Basil (Ocimum spp.) is grown as an annual everywhere, although it may live for up to two years in frost-free climates. Multiple fungal diseases and a bacterial disease can cause spots on the leaves of container- and garden-grown basil. One of these fungal diseases is fairly new to basil, and has become a serious problem for basil growers all over the United States.
Downy mildew in basil was first noticed in 2007 in Florida. The fungus is brought into gardens on seeds and seedlings but can also be blown from garden to garden or plant to plant. This disease begins at the base of basil plants and moves up as it spreads. The first symptom is yellow areas on the leaves between major veins along with black and brown spots. As the disease progresses, the whole leaf may turn yellow. Purple-gray fungal spores form on the bottoms of infected leaves. Eventually, infected leaves drop and the whole plant begins to look unwell as though it is lacking in nutrients or has been sunburned.
Sweet basil (Ocimum basilicum) is highly susceptible, although red-leaved varieties (Ocimum basilicum purpurescens), 'Queenette' Thai basil (Ocimum basilicum 'Queenette') and 'Eleonora' (Ocimum basilicum 'Eleonora') are only moderately susceptible. Lemon and lime varieties (Ocimum citridorum) are also only moderately susceptible. 'Blue Spice', 'Blue Spice F1' and 'Spice' (Ocimum americanum hybrids) are less susceptible, but they look and taste quite different from sweet basil.
Other Leaf Spot Diseases
Three other fungal diseases, Alternaria spp., Cercospora spp. and Colletotrichum spp., cause black or dark brown spots on basil leaves but do not produce the purple-gray spores on the undersides of leaves. They are prevented and treated in the same way as downy mildew.
Bacterial leaf spot, also called basil shoot blight, produces watery brown or black spots with a yellow halo. Basil contracts bacterial leaf spot through wounds in the leaves or stems. Fungicides will not work on bacterial leaf spot. Pinch off infected plant parts right away and throw them in the trash.
All of these diseases are brought into the garden the same way as downy mildew.
Prevention and Treatment With Fungicides
To help prevent fungal diseases on container- and garden-grown basil before they start, begin spraying the basil with potassium bicarbonate fungicide when warm, humid weather is predicted.
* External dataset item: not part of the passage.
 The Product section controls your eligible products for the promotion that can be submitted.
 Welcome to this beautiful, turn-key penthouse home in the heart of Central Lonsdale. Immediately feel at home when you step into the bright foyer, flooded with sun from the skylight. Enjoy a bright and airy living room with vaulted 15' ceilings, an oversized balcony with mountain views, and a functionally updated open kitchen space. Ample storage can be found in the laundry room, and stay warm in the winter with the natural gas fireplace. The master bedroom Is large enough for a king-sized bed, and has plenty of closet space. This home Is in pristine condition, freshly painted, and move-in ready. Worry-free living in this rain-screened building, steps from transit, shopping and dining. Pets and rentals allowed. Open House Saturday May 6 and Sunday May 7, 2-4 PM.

A common dilution rate is 2 teaspoons per gallon of water, but there are multiple potassium bicarbonate products on the market. Follow the manufacturer's instructions carefully.
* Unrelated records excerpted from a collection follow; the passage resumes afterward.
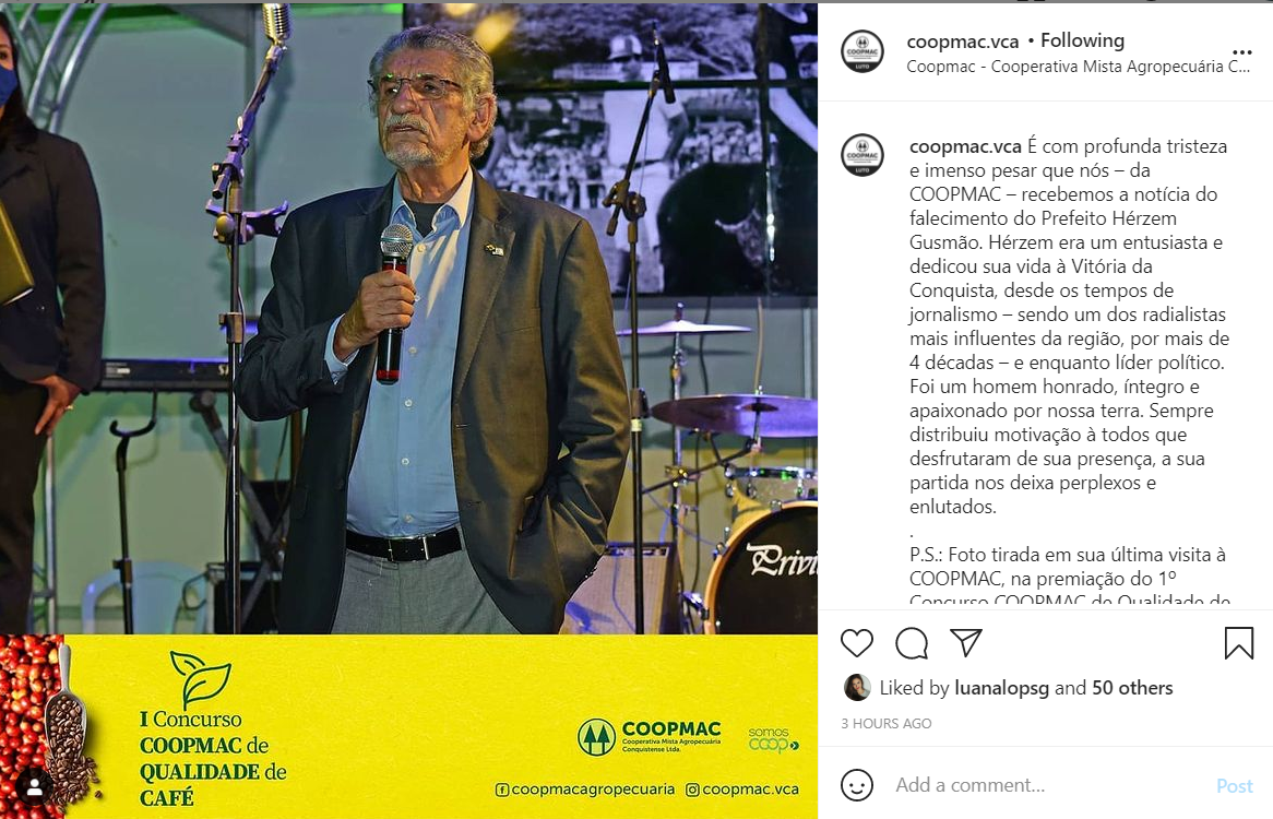 O ex-prefeito de Salvador, ACM Neto, que também apoiou a candidatura de Gusmão nas eleições de 2020 para prefeito de Conquista em 2020, prestou sua homenagem declarando que além de parceiro político, Herzem também era um grande amigo.
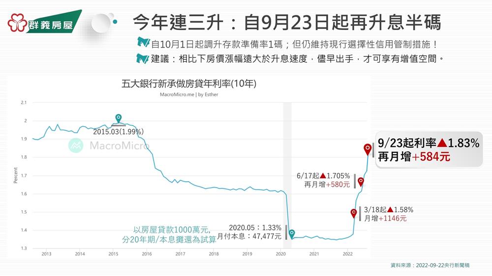 美國聯準會宣布升息3碼,台灣央行昨天(9/22)也宣布跟進政策利率調升半碼(0.125個百分點),房貸利率將來到1.83%,自今天(9/23)起實施。這也是央行今年自3/17、6/16後,第三度升息
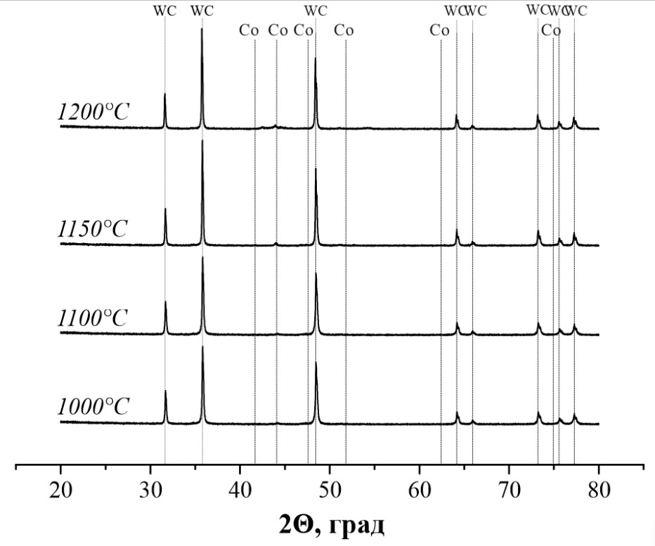 Рисунок 3– Фазовый состав твердых сплавов WC-10мас.%Co, полученных методом ИПС при температурах 1000, 1100, 1150 и 1200 °C и постоянном давлении прессования 57,3 МПа

Mix it up in a hand-held or hand-pump pressure sprayer and spray the basil plants, thoroughly coating the tops and bottoms of the leaves as well as the stems. Wear protective eyewear, clothing and gloves and be careful not to inhale the fungicide. If a container-grown basil plant is being grown in an enclosed area, take it outdoors to a shady spot for treatment. Repeat treatments every seven to 10 days, as long as the weather remains warm and humid.
This fungicide treatment can be used to treat infected plants, but it is unlikely to be effective on severely infected plants. Remove infected leaves on plants that have just begun to show symptoms before treating with potassium bicarbonate. Remove and dispose of severely infected plants. Put infected leaves and plants in the trash.
Do not treat with regular baking soda. It will be ineffective and will leave behind a toxic salty residue.
Prevention Through Good Cultural Practices
Prevention is the key to beating these diseases.
Inspect seedlings before purchasing them and buy fresh seed each year rather than saving it from year to year. Wash your hands before handling the plants or seeds.
Give basil plenty of room and sunlight. Plant multiple plants far enough apart so they will have 6 inches of space between them when they reach their mature width. Increased air circulation helps the leaves stay dry and can help prevent the spread of disease from one plant to the other.
Water basil from below the leaves with a soaker hose or watering can. Water in the morning so leaves will dry throughout the day.
Remove infected plant parts immediately and place them in the garbage. Never put infected leaves and stems into a compost pile. Remove dead plant material and debris from around basil plants as soon as it is noticed.
Spread fresh mulch over the soil beneath garden basil plants to help keep fungal and bacterial spores from splashing up onto the plants when it rains.